Also, an offense with good ball movement is going to get assists to every player on the floor from the point guard to the center. And even a center with horrible hands is going to get an assist from time to time out of ball movement and understanding his role in an offense.

Is a big man with passing skills a valuable asset? Of course it is. A 7-footer who can make in interior pass to a cutting perimeter player or find an open 3-point shooter out of the post is a dangerous thing. But at the end of the day, it's that players ability to score in the first place which often creates looks for other players, and it's always going to be up to the player catching the pass to make a jump shot.

Regardless of whether or not a block leads to the end of an opponent's possession, YOU are the one preventing the shot from going in the basket, not somebody else. And the best part is that a block will (99% of the time) either lead to the end of a possession OR a shorter possession for the opposing team.

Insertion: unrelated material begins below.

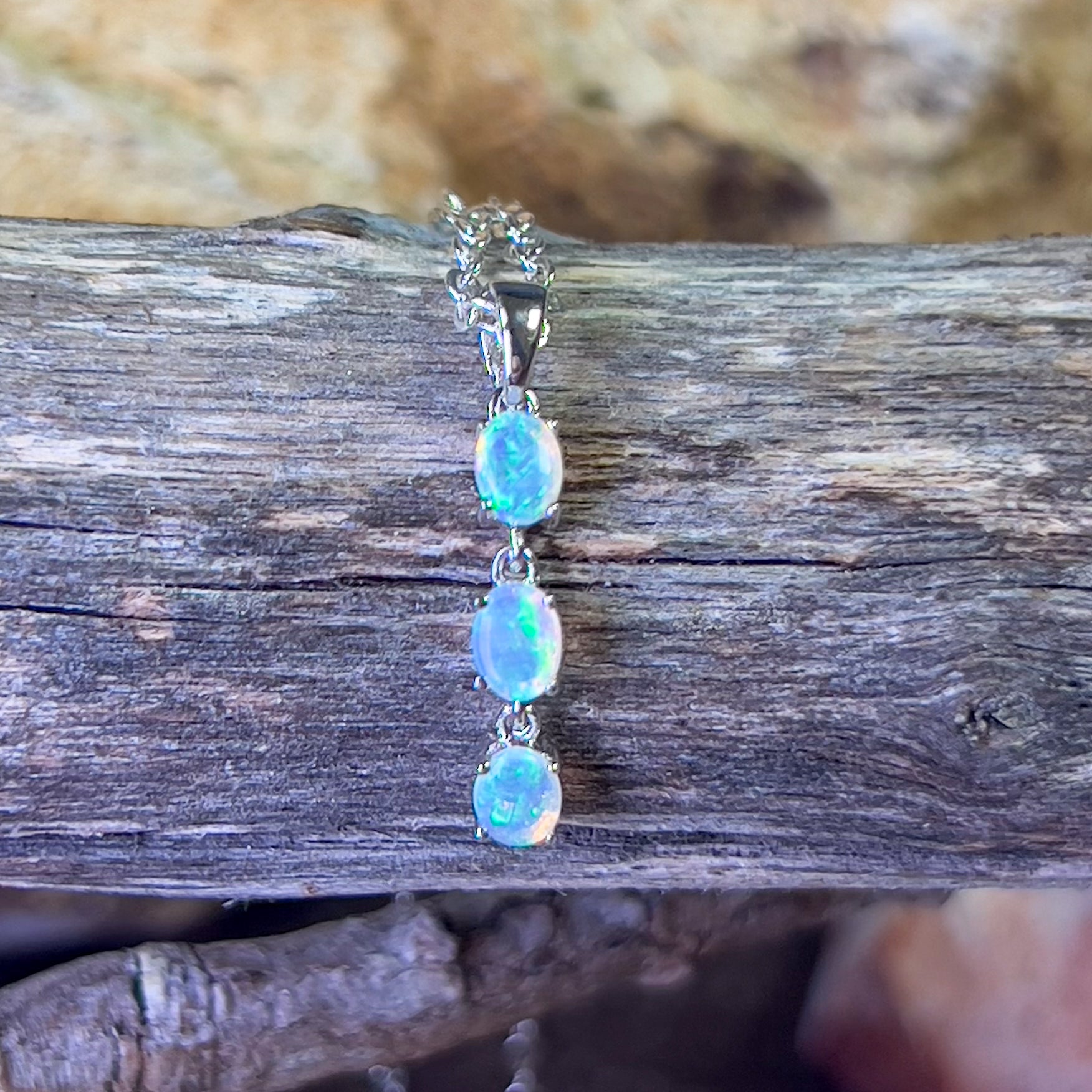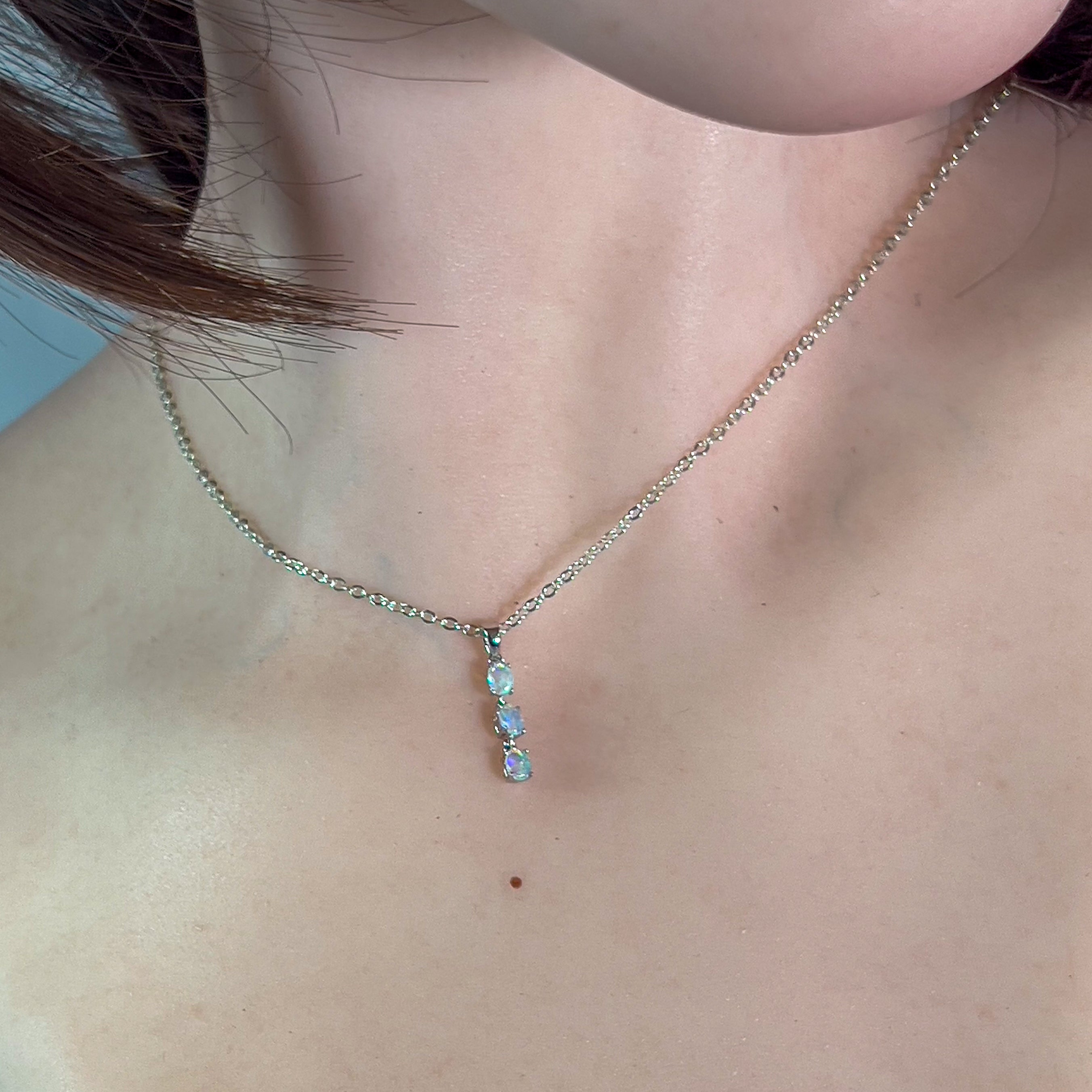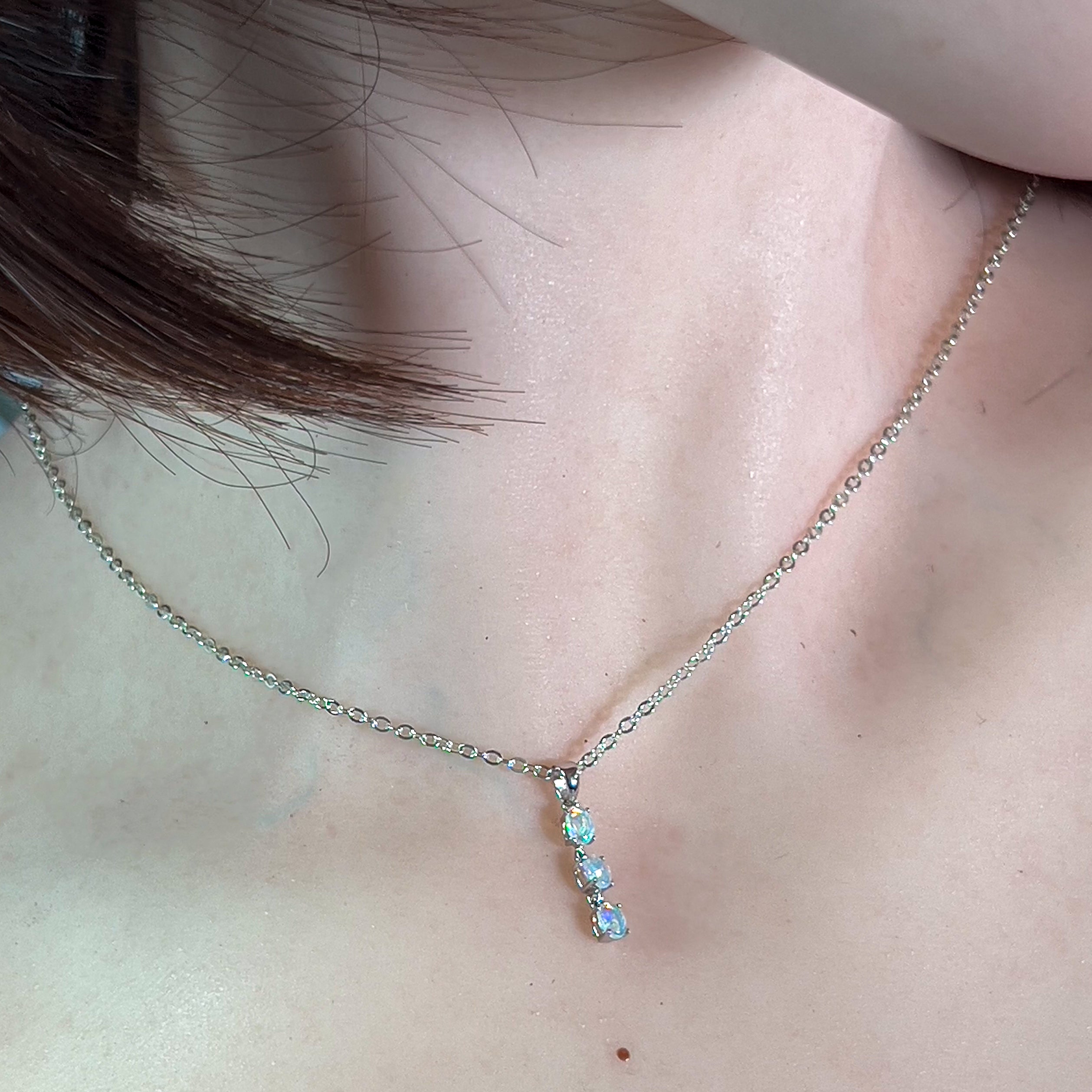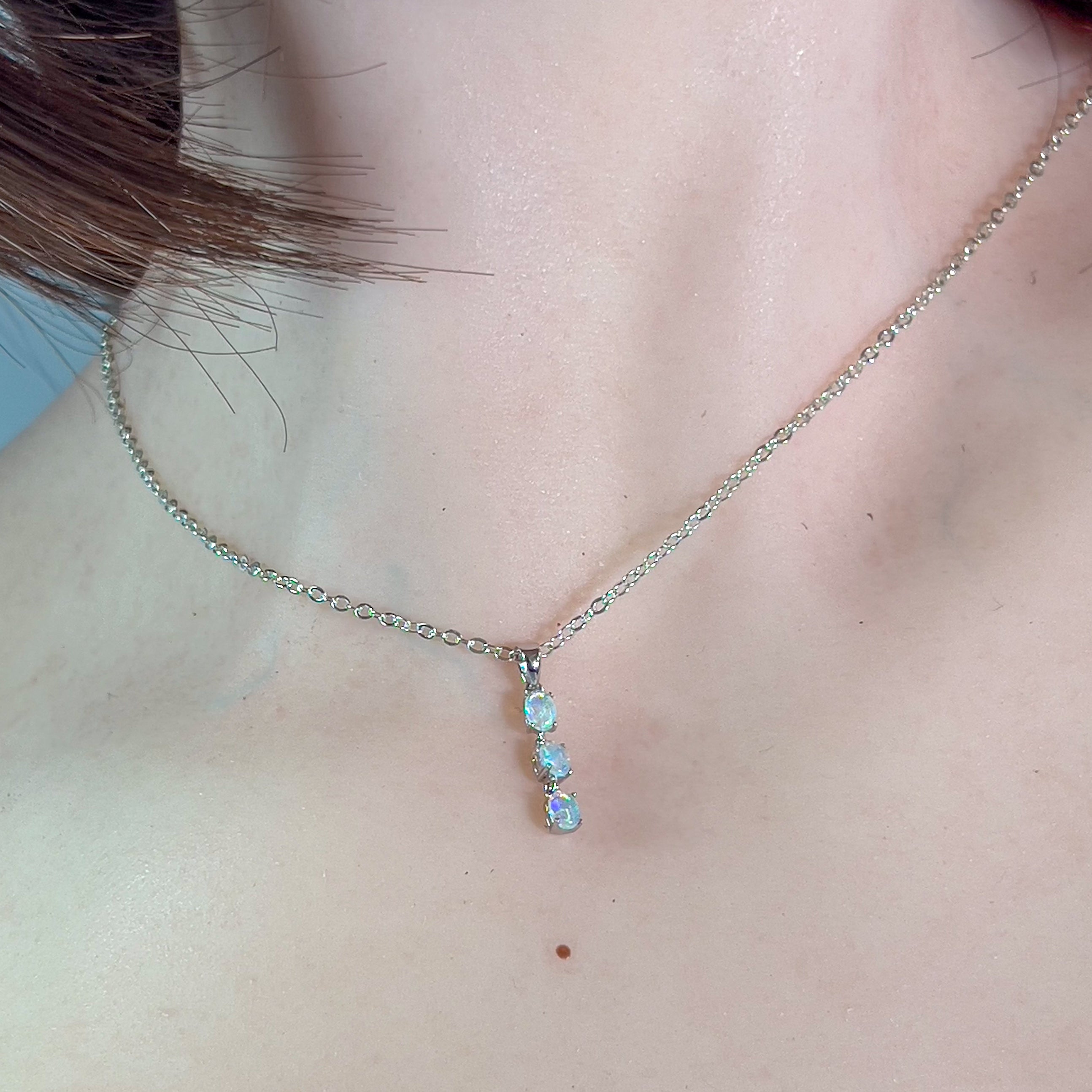 One 18kt White Gold Crystal Opal necklace drop dangle design

If you block the ball out of bounds, but the team only has five seconds on the shot clock, that makes it far more difficult for that team to score on that possession.

Therefore a person who blocks a shot has more of an impact, IMO, on the success or failure of a possession than someone who gets an assist. Because the assisting player can do everything right, but the shooter has to make the shot. But the blocker will almost always have a direct impact on the likelihood of a successful possession or not.

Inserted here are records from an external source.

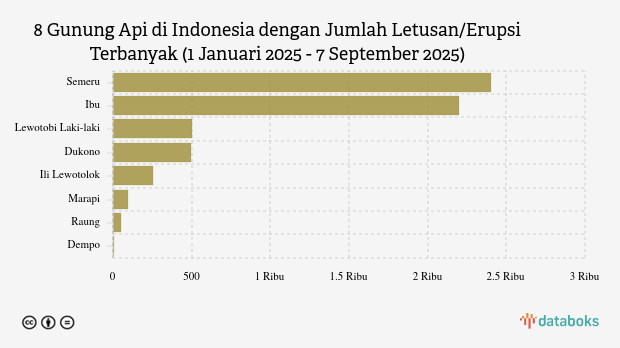 Selama tahun 2025, MAGMA Indonesia telah merekam 5.993 letusan/erupsi gunung api di seluruh Indonesia. Gunung Semeru di Jawa Timur paling banyak erupsi (2.401 kali letusan) sedangkan Gunung Ibu erupsi 2.197 kali.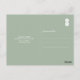 Invitez vos invités à votre dîner de répétition avec ma carte postale tropicale. Le design présente ma tortue de mer originale aquarelle et feuilles de palmier monstera dans des nuances de vert, de turquoise et de bleu. Vos noms sont inscrits dans une typographie moderne de lettrage manuscrit. La carte est au verso d'une couleur vert sauge complémentaire avec de la place pour l'adressage des invités et des détails supplémentaires. Pour voir la suite de faire-part assortis, visitez www.zazzle.com/dotellabelle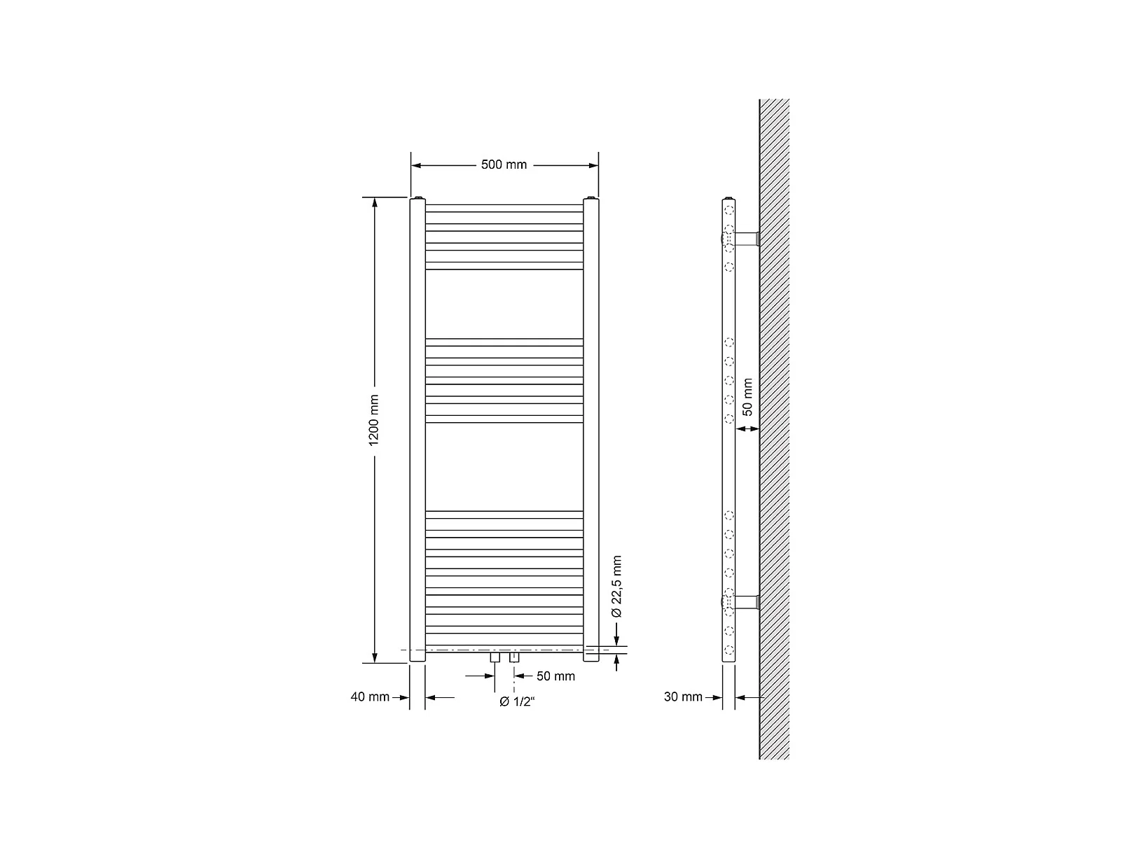 Radiador toallero de baño 50 x 120 cm calefactor blanco con conexión lateral

You make the point earlier saying none of us could ever make a block in the NBA, then go to this as an example? Maybe on an empty court standing a foot away could a five year old do that, they would never be able to bring a ball up court or pass with any type of defense come on now guy.

Of course the second bolded is true even bad handling guys can get assists, but averaging 3 over an entire season is NOT just randomly getting an assist time to time from a good setup. You are undervaluing this greatly.

Really with that last bolded statement? You put up the number 99% to make the value look so insanely good. Except the part that it should be 100%, no **** it either ends the possession or gives them a shorter one. Can it ever possibly ADD time to a possession?...A block with like 17 seconds on the shot clock, they get it inbound with 15 seconds. Is that really doing anything worth much value? You could argue momentum or confidence, and the fact it had a 40-50% chance to go in on average, but there are too many variables.

It would however be nice if there was a block stat that showed blocks on dunks/sure layups, or blocks with 5-6 seconds or less on the shot clock. Maybe there is a stat I just don't know of it. Hopefully this gives another view on the matter.

ModernDaySavage
10-23-2013, 05:05 PM
You said "bigs" numerous times. Went on to mention big players... :confused:

Well for a PG Oscar was big as ****, all I could come up with.

But yeah OP is confused because he clearly leads us to think PF/C.

Clippersfan86
10-23-2013, 06:20 PM
I want Chronz, Ballhog etc to chime in on the statistical value of a block or assist.

Guppyfighter
10-23-2013, 06:26 PM
I don't know because I haven't look at raw stats in forever. Only efficiency.

mightybosstone
10-23-2013, 06:27 PM
You make the point earlier saying none of us could ever make a block in the NBA, then go to this as an example? Maybe on an empty court standing a foot away could a five year old do that, they would never be able to bring a ball up court or pass with any type of defense come on now guy.
You're totally missing the point and getting bogged down in semantics, dude. My point is simply that ANYONE could technically get an assist in the NBA, because that **** is totally based on factors outside of the passer's control. Hell, you can accidentally get an assist. You cannot accidentally block a shot.


Of course the second bolded is true even bad handling guys can get assists, but averaging 3 over an entire season is NOT just randomly getting an assist time to time from a good setup. You are undervaluing this greatly.
But it's a hell of a lot harder to average 3 blocks a season than to average 3 assists a season. Half the starting players in the league average 3 assists a game. But only one player in the league last year averaged 3 blocks a game.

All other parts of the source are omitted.